Женщина, неотрывно глядя на зажатые в руках бусы, тихонько покачивала головой.
— Нет, не может этого быть. Как они будут жить, если уйдут отсюда, — сразу ведь не устроишься?..
— А не все ли равно? Разве существование здесь хоть сколько-нибудь похоже на жизнь?
— Но есть песок, поэтому…
— Песок? — Мужчина, стиснув зубы, повел подбородком. — Песок, а для чего он? Ломаного гроша на нем не заработаешь, только жизнь утяжеляет.
— Нет, его продают.
— Продают?.. Кому же они его продают?
— Ну, на это, на строительство, что ли… Его в бетон добавляют…
— Не болтай!
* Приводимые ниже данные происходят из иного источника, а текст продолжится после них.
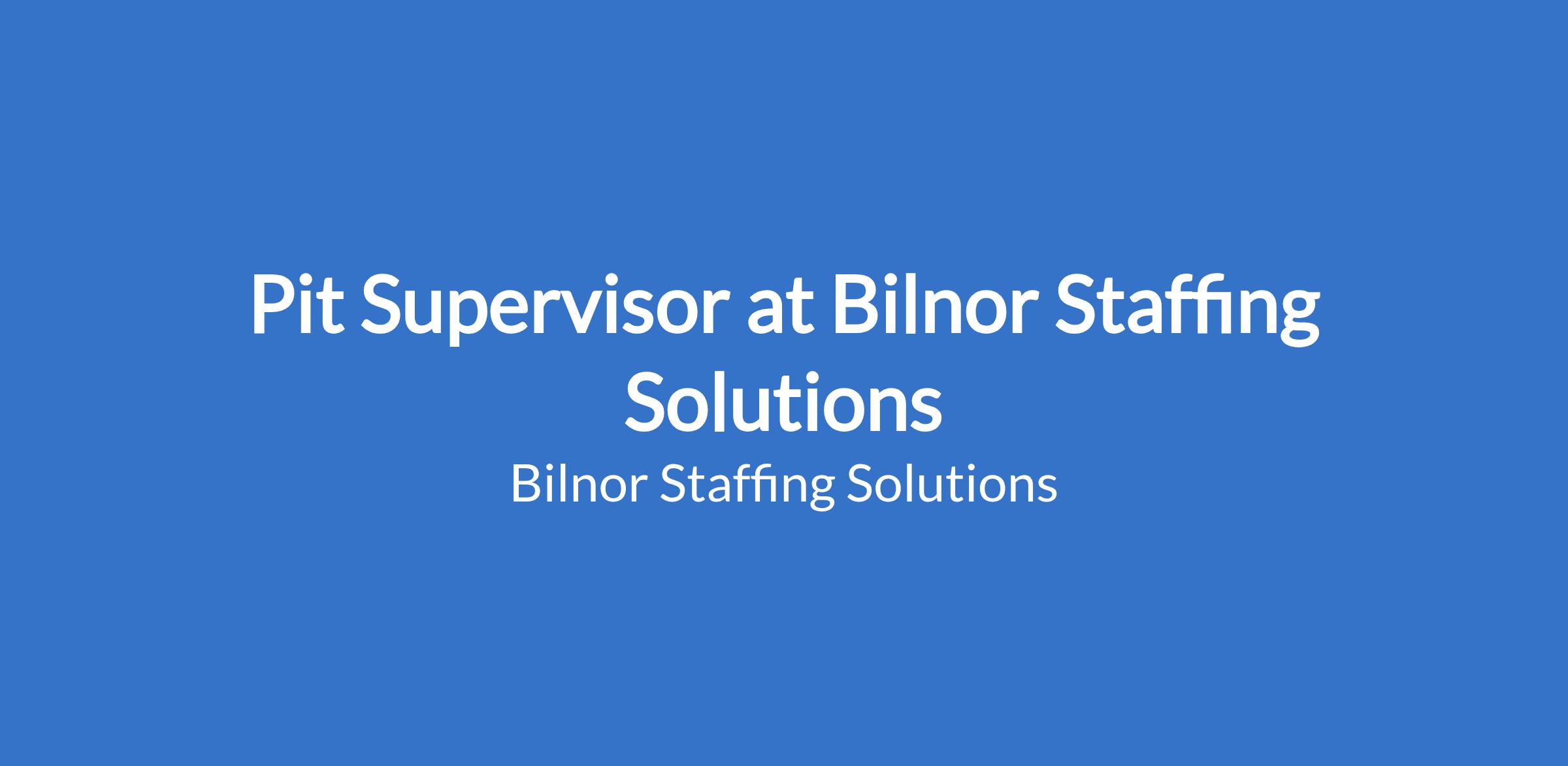 Bilnor Staffing Solutions' client is looking for PIT SUPERVISOR for their operations in Rustenburg, NWP.

Здорово было бы, если бы в цемент добавляли этот песок — в нем ведь полно соли. Во-первых, это было бы нарушением строительных законов или там инструкций…
— Ну, конечно, тайно продают… Доставляют за полцены…
— Болтаешь, что на ум взбредет! Ведь когда фундамент или плотина развалится, их не спасет то, что песок был за полцены или даже даровой!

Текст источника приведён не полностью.